When you have measured calibration data but don't know the exact correction formula, you can provide a curve dictionary and let the SDK fit a polynomial automatically. Set coefficients to an integer specifying the polynomial order.

@dataclasses.dataclass
class CalibratedEthanol(BravoLiquidClass):
    tip: type[AgilentTip] = AgilentTip_250
    min_volume: Decimal = dataclasses.field(default=Decimal(default="51"))
    max_volume: Decimal = dataclasses.field(default=Decimal(default="250"))
    # Set coefficients to an int to specify polynomial order for fitting
    coefficients: list[decimal.Decimal] | int = 2
    # Measured calibration points: target µL → corrected plunger µL
    curve: dict[float, float] | None = dataclasses.field(
        default_factory=lambda: {
            0:   0.0,
            50:  51.8,
            100: 102.5,
            150: 153.4,
            200: 204.6,
            250: 255.9,
        }
    )
    aspirate_velocity: Decimal = dataclasses.field(default=Decimal(default="35.0"))
    aspirate_acceleration: Decimal = dataclasses.field(default=Decimal(default="75.0"))
    aspirate_velocity_into_wells: Decimal = dataclasses.field(default=Decimal(default="45.0"))
    aspirate_velocity_out_of_wells: Decimal = dataclasses.field(default=Decimal(default="55.0"))

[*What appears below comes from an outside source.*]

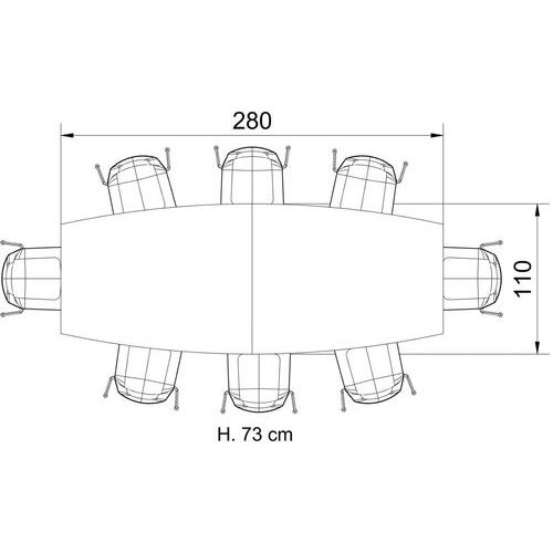 Table de réunion tonneau longueur 280 cm, Type de piétement: 2 pieds, Hauteur: 73 cm, Largeur: 280 cm Table de réunion tonneau longueur 280 cm, Type de piétement: 2 pieds, Hauteur: 73 cm, Largeur: 280 cm

    aspirate_acceleration_into_wells: Decimal = dataclasses.field(default=Decimal(default="90.0"))
    aspirate_acceleration_out_of_wells: Decimal = dataclasses.field(default=Decimal(default="110.0"))
    aspirate_post_delay_ms: int = 500
    dispense_velocity: Decimal = dataclasses.field(default=Decimal(default="40.0"))
    dispense_acceleration: Decimal = dataclasses.field(default=Decimal(default="80.0"))
    dispense_velocity_into_wells: Decimal = dataclasses.field(default=Decimal(default="55.0"))
    dispense_velocity_out_of_wells: Decimal = dataclasses.field(default=Decimal(default="45.0"))
    dispense_acceleration_into_wells: Decimal = dataclasses.field(default=Decimal(default="110.0"))
    dispense_acceleration_out_of_wells: Decimal = dataclasses.field(default=Decimal(default="90.0"))
    dispense_post_delay_ms: int = 500
  • coefficients: int = 2 means "fit a quadratic polynomial (2 coefficients) to the calibration data"
  • The curve dictionary maps target volumes (µL) to measured corrected plunger volumes (µL)
  • The SDK uses least-squares fitting to derive the polynomial coefficients automatically at initialization time
The curve approach is recommended when you have measured calibration data from gravimetric testing. Use direct coefficients when you already know the correction formula or want a simple linear correction.